= Ali the Fox =

Cartoon character

The five main characters from top to bottom, left to right: Mika, Shadow, Peach, Ali, and Bear

Ali the Fox (阿狸 (Ā-lí)) is a cartoon character created by Xu Han (徐 瀚 (Xú Hàn), also known as "Hans"), who graduated from the School of Fine Arts of Tsinghua University and received a master's degree. Ali is a red fox who wears white pants. The company controlling the character is Beijing Dream Castle Culture Co., Ltd (北京梦之城文化有限公司 (北京夢之城文化有限公司, Běijīng Mèng zhī Chéng Wénhuà Yǒuxiàngōngsī)).

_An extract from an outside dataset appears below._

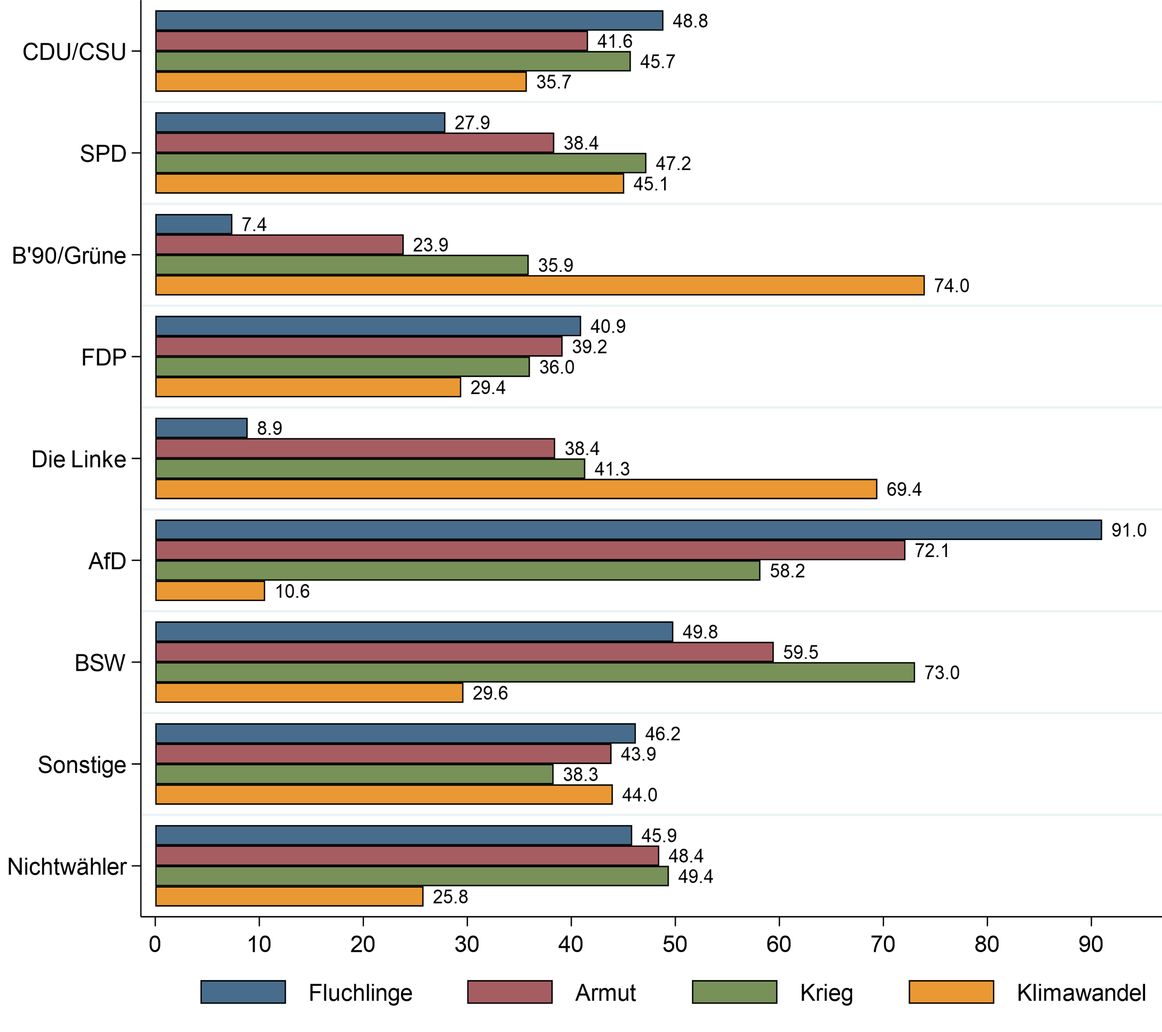 Bei Bündnis90/Grüne sowie der Linken und der SPD dominiert demgegenüber der Klimawandel mit Spitzenwerten der Besorgnisraten.

There is a film, titled “Ali. Dream Island” (阿狸．梦之岛 (阿狸．夢之島, Ā-lí Mèng zhī Dǎo)).

== Characters ==
- Ali the Fox (阿狸 (Ālí)) - A male red fox.
- Peach (桃子 (Táozi)) - A female pink fox who is Ali's girlfriend. She wears a white dress with a heart on it and a bow on the back. She was also created by Hans after Ali was created.
- Bear (大熊 (Dàxióng)) - A male brown bear.
- Mika (米卡 (Mǐkǎ)) - A white rabbit.
- Shadow (影子 (Yǐngzi)) - A blue life form.